EDITORIAL COMMENT: New fertiliser factory  most welcome

A NEW fertiliser factory opened in Norton on Saturday, capable of supplying around 15 percent of the national market, and bringing in a new and extra investor into the sector as Zimbabwe continues to build its inputs industries through its pro-investment strategy.

Demand for fertiliser is rising sharply and has reached 630 000 tonnes a year as more farmers embrace the range of input-supply schemes run by Government and processing companies in the private sector and as these same business-orientated farmers expand their hectarages. So the new investment and new factory is needed and most welcome.

The investor, Heliconvest Investment, considers the new plant to be just the first phase and has plans for expansion.

The factory will be processing a wide range of compound fertilisers as well as Urea as a nitrogen rich top dressing and calcium nitrate, a component in many fertilisers.

This means that while some raw materials can come from local sources, many will have to be imported. It is still worth while to do a lot of processing locally, since the final bagged products are often bulkier than the raw materials, so transport costs are reduced. And it always makes sense that the processing charges, which are largely labour, should be incurred in Zimbabwe and so provide new jobs.

Zimbabwe is largely self-sufficient in phosphates, thanks to the major deposit at Dorowa, and mining and processing can be expanded. But it seems sensible for others to start looking for a decent second deposit.

Potassium salts have not been found in Zimbabwe, although there has not been much prospecting for these. It would seem to be a good idea for geologists to start thinking where in Zimbabwe such minerals could have accumulated and for a decent prospecting drive at the most hopeful sites. Minerals that no one expected in Zimbabwe, such as diamonds and petroleum products, have been discovered, hence the need to start listing where potassium minerals might be discovered.

Besides urea, most nitrogen fertilisers are based on ammonia. Zimbabwe used to make a lot of ammonia once, through a well-known but usually uneconomic process. This was liquefying air to separate out the nitrogen, with oxygen as the main waste product, and electrolysing water to extract hydrogen, again with oxygen as the waste product. That waste oxygen could be sold to Zisco.

Sable chemicals started doing this during the UDI era when Kariba South power station could generate more electricity than the country then needed. Capco, the owners of the power station, had the option of opening flood gates to release surplus water, or making a little extra money with a special rate, especially at night, for Sable. So Sable was able to buy cheap electricity.

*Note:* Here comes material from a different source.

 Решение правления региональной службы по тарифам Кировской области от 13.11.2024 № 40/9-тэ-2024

As Zimbabwe moved from a hydro-electric surplus, to using more coal-thermal power and then the climate change seeing less hydro power, cheap electricity at odd hours ceased being a possibility and the economics of the particular ammonia manufacture made it no longer a practical proposition.

The odd country with surplus hydro-power still uses that process, but Zimbabwe is no longer one of those countries so has to obtain ammonia from the most common method. This uses natural gas and we import the ammonia, with Mozambique being a major supplier.

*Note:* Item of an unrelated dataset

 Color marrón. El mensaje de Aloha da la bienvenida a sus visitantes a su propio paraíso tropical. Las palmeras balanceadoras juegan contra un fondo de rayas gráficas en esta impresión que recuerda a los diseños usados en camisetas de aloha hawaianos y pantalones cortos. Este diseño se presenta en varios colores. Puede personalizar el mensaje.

Here the Muzarabani gas strike makes local production a possibility again, and this needs to be explored with all the decisions made while the commercial drilling and exploitation of the natural gas is being arranged.

Sable has expressed interest in a pipeline to Kwekwe, but we feel that all possibilities should be examined. The natural gas strike will almost certainly be fuelling a power station, and we assume liquid petroleum gases and even helium will be extracted from the gas. All this will require a gas-based industrial centre a lot closer to the gas field, perhaps Bindura, perhaps Murehwa, perhaps a brand new town or city.

That town or city is likely to become the centre of Zimbabwe’s chemical industry as the gas and condensate strike builds up supplies of raw materials. Considering the rise of electric vehicles, there is a fairly good chance that a petrol and diesel refinery will not be a very good idea, by the time the investment possibility arises, but the condensates, the liquid part of the strike, could be used to fuel a wide range of chemical products. Even if the fuel refinery is built, there will still be a chemical industry.

So with that nascent chemical city, it could well be cheaper to move the ammonium nitrate plant to that new city than bring the gas to Kwekwe. The calculations need to be done and all options examined before the best one is chosen.

One important factor in all Zimbabwean agricultural products is to keep costs down. Zimbabwean farmers can grow a lot of things, but at a price. There is the cost of fertiliser and the latest and best varieties of seed, with new varieties tending to cope with the short seasons we now have to cope with.

Then Zimbabwean farmers need to spend rising sums on irrigation, and on electricity to run the pumps and irrigation equipment. So we need to figure out how to keep the costs of each of these inputs as low as possible, which is why some extra competition is more than welcome.